The problem | Using the records below, filter out every line that lacks "color" and copy the rest.

Raw data |
***

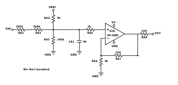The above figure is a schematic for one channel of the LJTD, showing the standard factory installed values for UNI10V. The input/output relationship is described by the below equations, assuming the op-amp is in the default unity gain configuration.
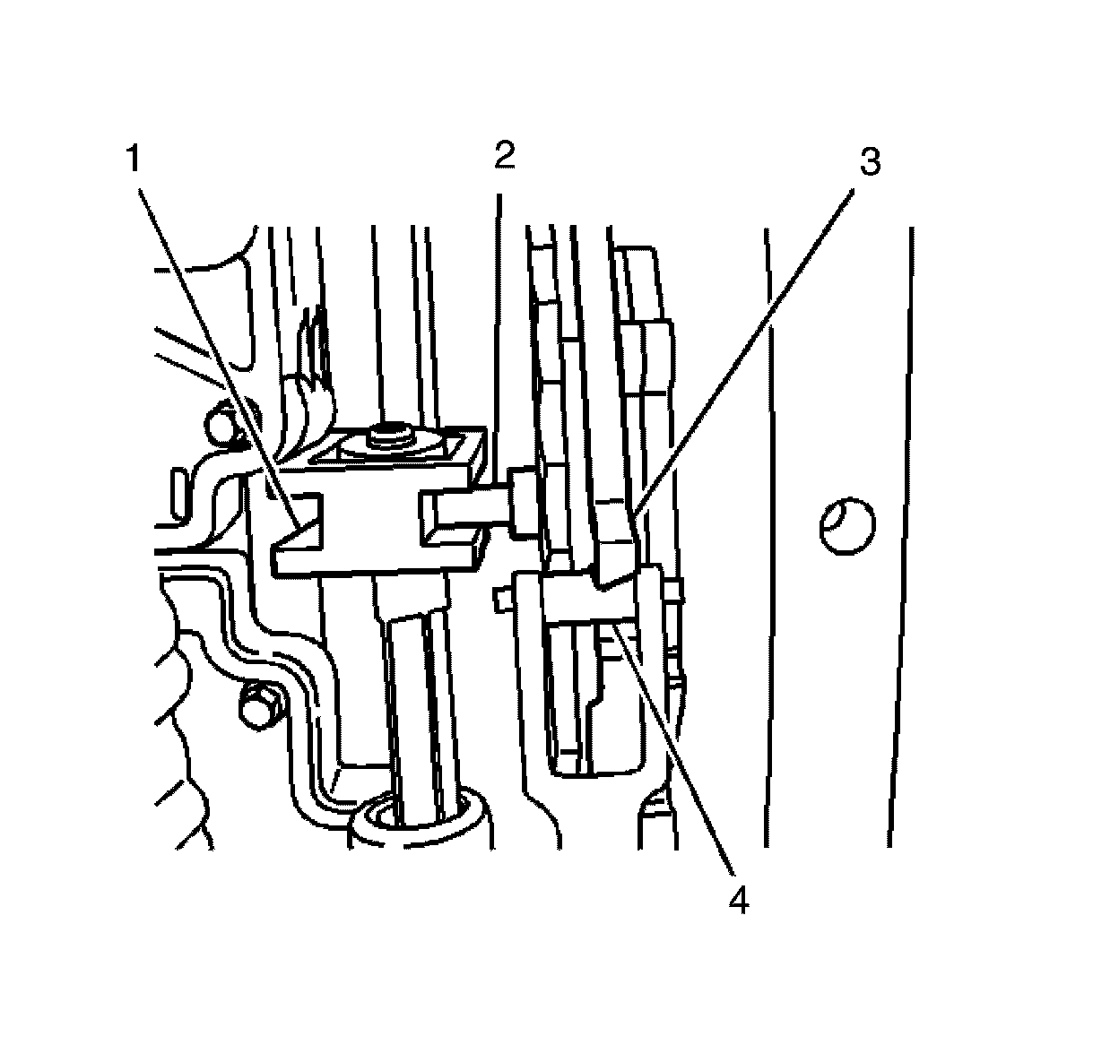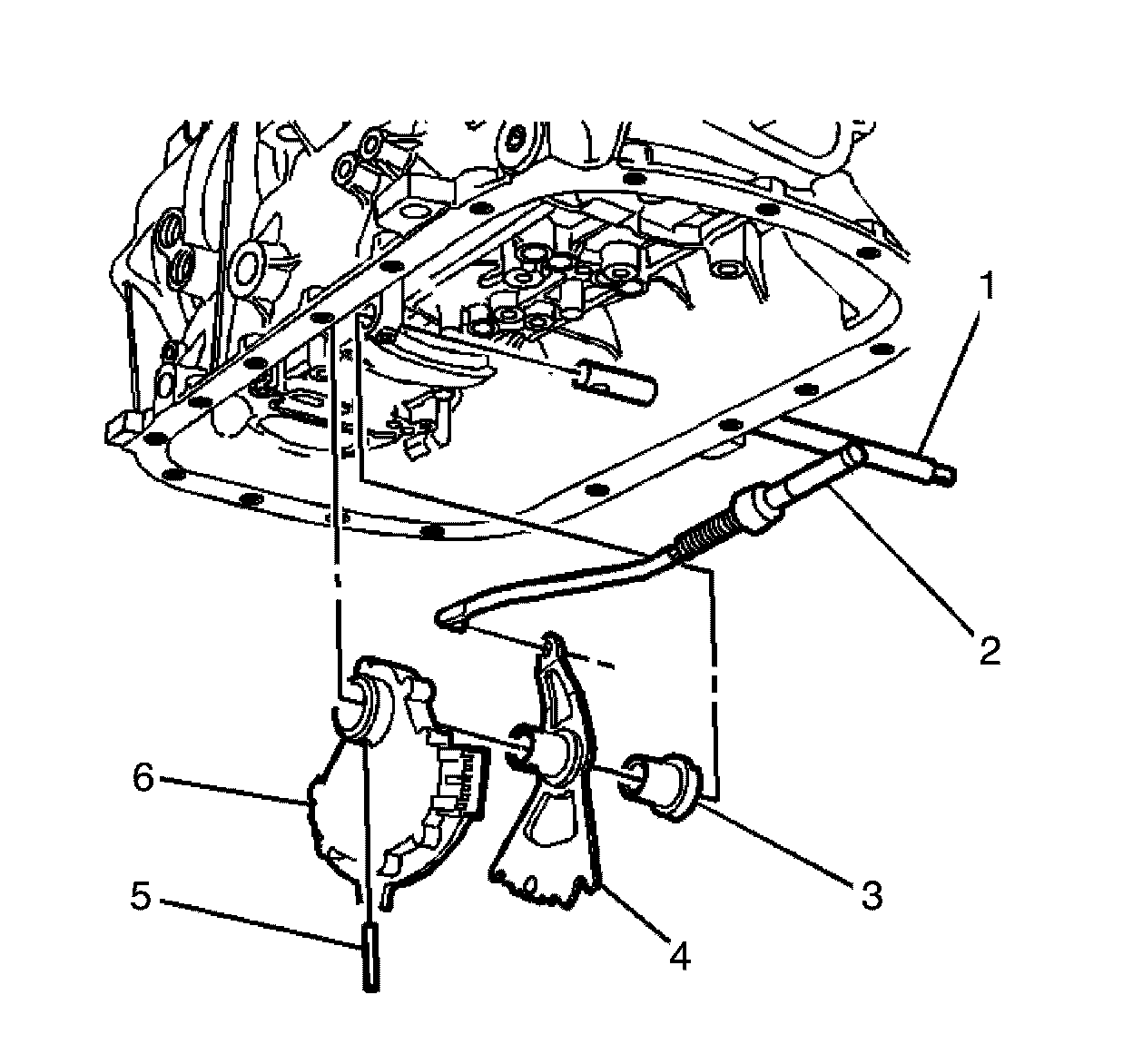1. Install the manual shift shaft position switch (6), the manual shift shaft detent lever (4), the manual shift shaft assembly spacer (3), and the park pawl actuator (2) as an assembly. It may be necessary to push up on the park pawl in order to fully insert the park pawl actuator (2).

***

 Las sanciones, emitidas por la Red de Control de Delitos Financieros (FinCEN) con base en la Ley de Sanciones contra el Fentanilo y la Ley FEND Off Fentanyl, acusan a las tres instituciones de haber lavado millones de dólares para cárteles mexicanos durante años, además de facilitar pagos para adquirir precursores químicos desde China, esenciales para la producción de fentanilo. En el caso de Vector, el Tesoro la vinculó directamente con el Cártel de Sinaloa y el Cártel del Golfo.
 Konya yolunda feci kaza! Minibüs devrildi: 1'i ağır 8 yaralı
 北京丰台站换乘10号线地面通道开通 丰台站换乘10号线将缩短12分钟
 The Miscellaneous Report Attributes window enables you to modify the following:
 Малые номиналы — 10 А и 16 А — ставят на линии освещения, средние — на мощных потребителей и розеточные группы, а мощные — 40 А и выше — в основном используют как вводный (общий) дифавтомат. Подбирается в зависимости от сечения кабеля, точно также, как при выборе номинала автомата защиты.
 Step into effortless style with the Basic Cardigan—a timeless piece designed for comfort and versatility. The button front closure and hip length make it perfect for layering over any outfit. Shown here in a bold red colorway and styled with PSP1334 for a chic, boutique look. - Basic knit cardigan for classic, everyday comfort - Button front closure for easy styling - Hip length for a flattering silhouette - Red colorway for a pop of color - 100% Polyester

***

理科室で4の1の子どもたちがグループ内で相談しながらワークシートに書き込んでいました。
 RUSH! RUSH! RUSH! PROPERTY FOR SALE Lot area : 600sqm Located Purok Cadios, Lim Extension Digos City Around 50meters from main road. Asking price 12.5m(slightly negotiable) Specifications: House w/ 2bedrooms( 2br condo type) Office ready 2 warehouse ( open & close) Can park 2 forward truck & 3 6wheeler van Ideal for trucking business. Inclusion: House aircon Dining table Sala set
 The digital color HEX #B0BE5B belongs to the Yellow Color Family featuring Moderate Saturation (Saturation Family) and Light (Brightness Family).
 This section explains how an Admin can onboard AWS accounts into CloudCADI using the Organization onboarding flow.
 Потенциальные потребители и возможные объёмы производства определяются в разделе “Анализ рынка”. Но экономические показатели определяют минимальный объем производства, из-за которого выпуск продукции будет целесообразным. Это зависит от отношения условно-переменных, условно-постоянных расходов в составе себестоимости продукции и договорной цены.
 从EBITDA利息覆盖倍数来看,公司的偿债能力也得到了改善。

***

Written answer |
 Step into effortless style with the Basic Cardigan—a timeless piece designed for comfort and versatility. The button front closure and hip length make it perfect for layering over any outfit. Shown here in a bold red colorway and styled with PSP1334 for a chic, boutique look. - Basic knit cardigan for classic, everyday comfort - Button front closure for easy styling - Hip length for a flattering silhouette - Red colorway for a pop of color - 100% Polyester
 The digital color HEX #B0BE5B belongs to the Yellow Color Family featuring Moderate Saturation (Saturation Family) and Light (Brightness Family).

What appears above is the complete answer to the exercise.